Leticia Torres

Personal information
- Full name: Leticia Francisca Torres Mandiola
- Date of birth: 30 May 1994 (age 32)
- Place of birth: Chile
- Height: 1.69 m (5 ft 7 in)
- Position: Defender

Youth career
- Santa Rosa
- Universidad Católica

College career
- Years: Team / Apps / (Gls)
- 2012–2015: San Francisco Dons

Senior career*
- Years: Team / Apps / (Gls)
- 2008–2011: Universidad Católica
- 2018: Boldklubben af 1893

International career
- 2008–2010: Chile U17 / 10 / (0)
- 2010–2014: Chile U20 / 14 / (0)
- 2011–2014: Chile / 11 / (0)

Medal record
Women's football
Representing Chile
South American Games
| Silver medal – second place | 2014 Santiago | Team |

= Leticia Torres (footballer) =

Chilean footballer (born 1994)

Leticia Francisca Torres Mandiola (born 30 May 1994) is a Chilean former footballer who played as a defender.

==Club career==
As a youth player, Torres and her sister were with club Santa Rosa from Las Condes, Chile, before joining Universidad Católica in 2008. In 2012, she moved to the United States and played for San Francisco Dons.

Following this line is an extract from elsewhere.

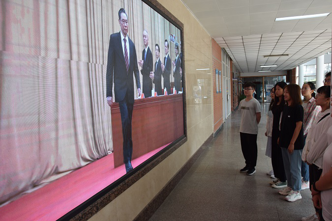 At the gate of the college, the big screen plays live broadcast in real time. Business school students stop to watch on the screen. At the same time, the college actively organizes students to watch it spontaneously in the dormitory. This live broadcast has aroused strong response among the students. Students have expressed that they will learn the loyal and selfless spirit of the anti-epidemic models in their future study and work, and inspire themselves with their heroic deeds, never forget their original intention, keep their mission in mind, strengthen their study and improve themselves constantly.
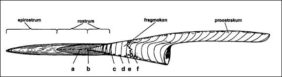 schránka belemnita: a – osová linie, b – protokoncha, c – kamerální uloženiny,

She spent two years not playing football due to an ankle injury before joining Danish club Boldklubben af 1893 in 2018.

==International career==
She was captain of the U17 team, who was the first team to qualify to a World Cup in 2010. She was captain on the U20 teams in 2012 and 2014 and was part of the full team that participated in the Copa America in 2014.

==Personal life==
Her grandfather, Jaime Mandiola, was a top goalscorer at the Universidad Católica youth ranks.